К началу июня стало очевидно, что дни Эдуарда Вудстокского сочтены. Его перевезли из Кеннингтона в Вестминстер, где большую часть времени он проводил в молитве. Приближалась Троица — праздник, который всегда отмечался принцем с особым благоговением. Эдуард молился, чтобы Господь призвал его к себе именно в этот день. 7 июня в своих апартаментах в Вестминстерском дворце он составил завещание и подтвердил все пожалования и аннуитеты, данные им своим рыцарям, оруженосцам и слугам.
Рассказывая о последних днях жизни Эдуарда Вудстокского, Томас Уолсингем подробнейшим образом описал весьма странный эпизод. Хронист утверждал, что к лежавшему на смертном одре принцу явился с покаянием некий сэр Ричард Стари. В своё время он занимал почётную должность рыцаря охраны короля, но якобы лишился её и был удалён от двора. Причиной опалы стало обвинение в том, что Стари был подкуплен и принёс Эдуарду III ложное известие о том, что общины собираются свергнуть своего монарха, как в своё время свергли его отца. И вот он явился к принцу, чтобы получить его прощение. Однако Эдуард Вудстокский не захотел помиловать предателя даже на пороге смерти. «Господь справедлив, — сказал он, — и воздаст вам по заслугам. Я не желаю, чтобы вы беспокоили меня. Избавьте меня от своего присутствия, чтобы я вас больше не видел»62.
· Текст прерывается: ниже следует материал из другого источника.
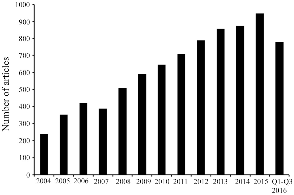 Published research on AMPs identified from 2004 until September 2016. Article counts were carried out after searching in PubMed using the following key words: antimicrobial peptides, AMPs, and/or host defense peptides. The search results demonstrate that in the last decade the AMP research field has progressively expanded as represented by the continuous increase in the number of articles. Q, quarter.

Далее Уолсингем рассказал, что только епископу Бангорскому удалось смирить неукротимого Эдуарда, и тот покаялся в своих грехах: «Неожиданно принц воздел руки и возвёл очи горе: «Господи, благодарю тебя! Ты раздаёшь все милости Твои! Тебе возношу молитвы, чтобы Ты простил мне мои грехи, которые я легкомысленно совершил против Твоей воли. А также за все людские страдания, которые я причинил, вольно или невольно, прошу о милости прощения от всего своего сердца»63.
Почему хронист решил представить принца в качестве упрямого мизантропа, обременённого множеством грехов, понять можно. Уолсингем не испытывал любви к королевской семье. Он был яростным ненавистником лоллардов[100], к которым благоволил Джон Гонтский, и некоторые идеи которых — например, отрицание светской власти папы — поддерживал Эдуард Вудстокский. Поэтому Уолсингем был одним из немногих английских хронистов, обвинявших принца Уэльского в крайней жестокости при осаде Лиможа. Естественно, он не мог упустить такого удобного случая опорочить его, дискредитируя заодно Ричарда Стари, одного из лидеров лоллардов.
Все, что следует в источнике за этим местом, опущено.